Let's pray. Lord, thank you so much for inviting us to revival. Oh, how you yearn to be gracious. You called us that we might yearn for you, that we might long, for that which God does is beautiful and joyous and glorious. That you would open our eyes to see how beautiful is the wonder of God's presence and how ugly is this thing that you would say to this thing, "Get out of my life. I don't want you are standing in the way. This hidden secret thing is standing in the way. I don't want this anymore. I want glory. I want revival. I want true, authentic, genuine revival. I want God to be my Father. I want the joy of the Lord to be known to me. I want to taste and see that the Lord is good."

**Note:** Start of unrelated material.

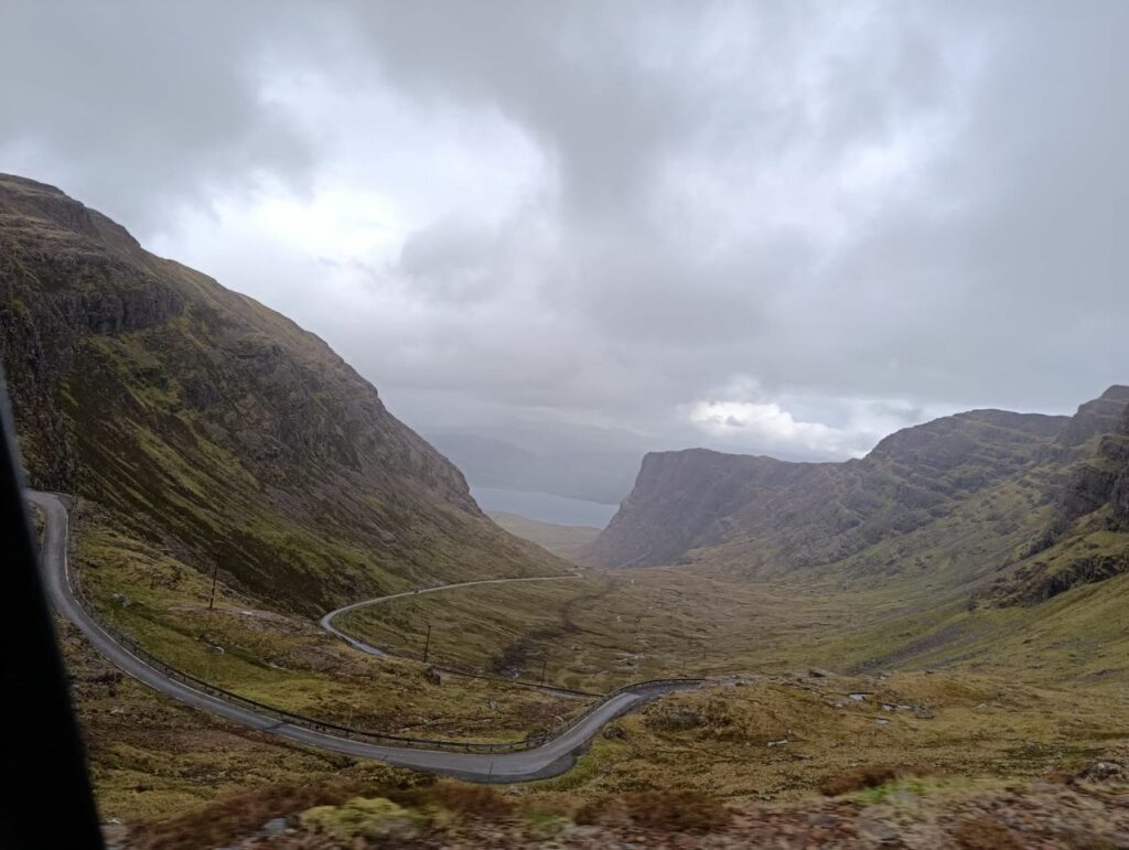 Cap ensuite sur la Bealach Na Ba road, considérée comme la plus belle route d’Écosse (probablement à juste titre). On sert un peu les fesses car c’est encore une single track road, donc impossible de se croiser hors « passing place » dont je vous ai parlé. Évidemment le revêtement est conforme aux chaussées précédentes, nids de poule, trous, bas côté défoncé, ça rajoute un peu de piquant à la conduite !

Church, is that your heart, your prayer, your desire, would you raise your hand as a way of just expressing that to God? That's my desire. That's what I want. I want true, genuine, authentic move of God. Let there be a revival in my heart. I want to know the glory and the beauty, that joy that I know is the strength of my faith. Let it be God in my heart. May it be, in Jesus' name, and everyone said. Can we give God praise and glory and honor?